Found cached dataset bookcorpus (/home/batman/.cache/huggingface/datasets/bookcorpus/plain_text/1.0.0/eddee3cae1cc263a431aa98207d4d27fd8a73b0a9742f692af0e6c65afa4d75f)


In [2]:
from collections import Counter, defaultdict
from itertools import pairwise
import re
from tqdm import tqdm


class BPETokenizer():
    SPACE = "Ġ"  # use gpt2 like space representation

    def __init__(self, sentences, vocab_size=100):
        self.vocab_size = vocab_size
        self._init_tokenizer(sentences)
        self._create_vocab()

    def _init_tokenizer(self, sentences):
        print("initializing tokenizer")
        texts = " ".join(sentences)
        texts = re.sub(r" ", f" {self.SPACE}", texts)

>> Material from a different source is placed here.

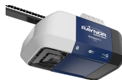
Sergeant II™ with WiFi 81602RGD ½ HP DC battery backup chain- drive, trusted reliability and quiet operation.
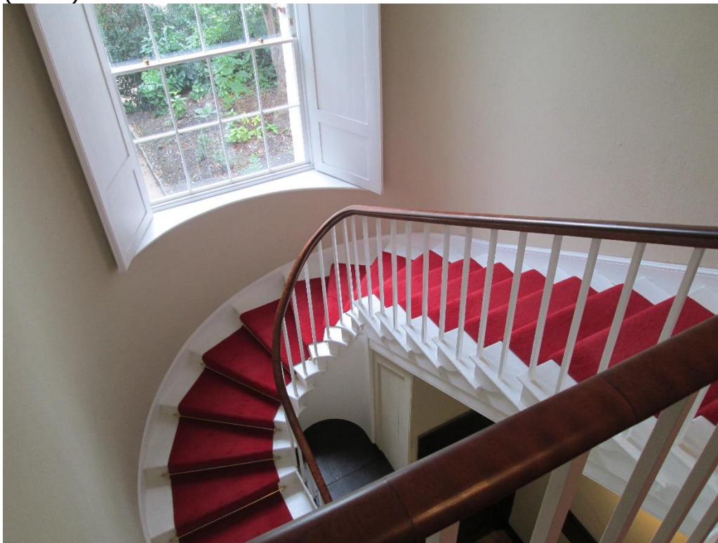
Cardigan Castle - Castle Green House 1827 interior staircase – Glen K Johnson (2015)

        self.chars = list(set(texts))
        self.vocab = list(self.chars)

        words = Counter(texts.split(" "))
        splits = [[c for c in word] for word in words.keys()]
        self.corpus = [list(row) for row in zip(words.values(), words.keys(), splits)
                       if len(row[2]) > 1]  # remove single chars

    def _get_most_freq_pair(self):
        pairs = defaultdict(int)
        for cnt, _, split in self.corpus:
            for pair in pairwise(split):
                pairs[pair] += cnt
        return max(pairs.items(), key=lambda x: x[1])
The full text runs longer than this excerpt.